> Action item:
Nothing outside the lines below from the one containing "Canoe & Lake: Dockside" through the one containing "为便于供应商及时了解政府采购" is to be printed; print those exactly, ends included, and drop the pictures.

> Source data:
§ §
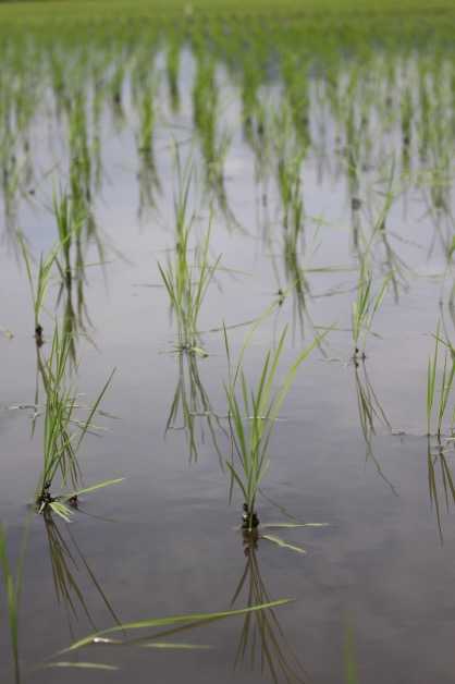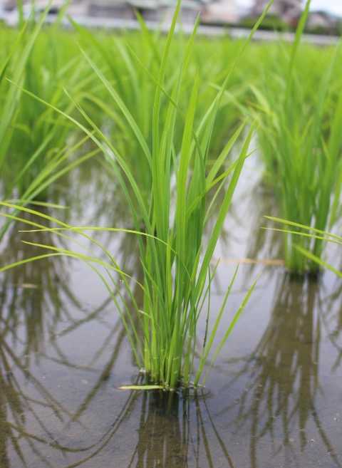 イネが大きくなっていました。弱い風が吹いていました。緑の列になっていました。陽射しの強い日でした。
§ §
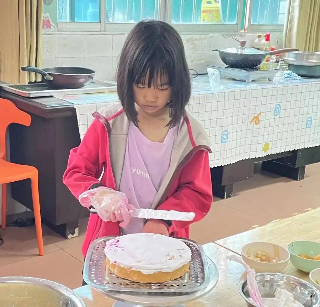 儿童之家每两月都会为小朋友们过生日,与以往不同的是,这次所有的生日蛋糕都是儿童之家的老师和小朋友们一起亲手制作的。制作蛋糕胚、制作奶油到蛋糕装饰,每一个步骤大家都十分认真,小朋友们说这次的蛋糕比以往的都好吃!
§ §
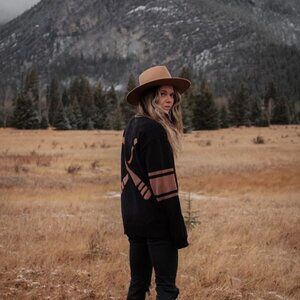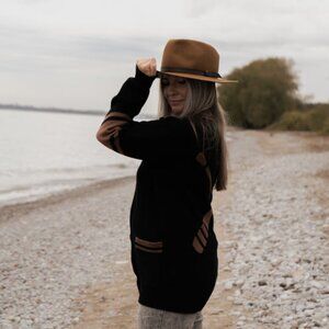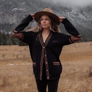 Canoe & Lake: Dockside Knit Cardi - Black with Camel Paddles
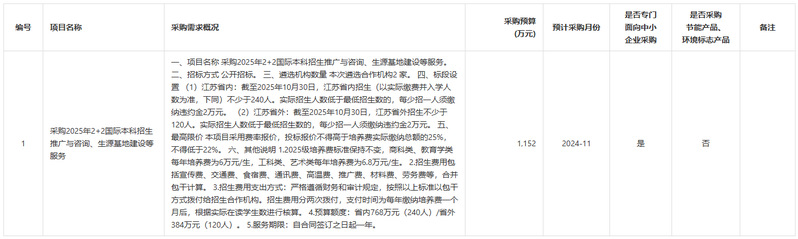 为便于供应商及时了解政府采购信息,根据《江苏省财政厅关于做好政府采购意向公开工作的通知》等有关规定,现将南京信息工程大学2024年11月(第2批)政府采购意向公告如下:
§ §
> Task solution:
 Canoe & Lake: Dockside Knit Cardi - Black with Camel Paddles
 为便于供应商及时了解政府采购信息,根据《江苏省财政厅关于做好政府采购意向公开工作的通知》等有关规定,现将南京信息工程大学2024年11月(第2批)政府采购意向公告如下:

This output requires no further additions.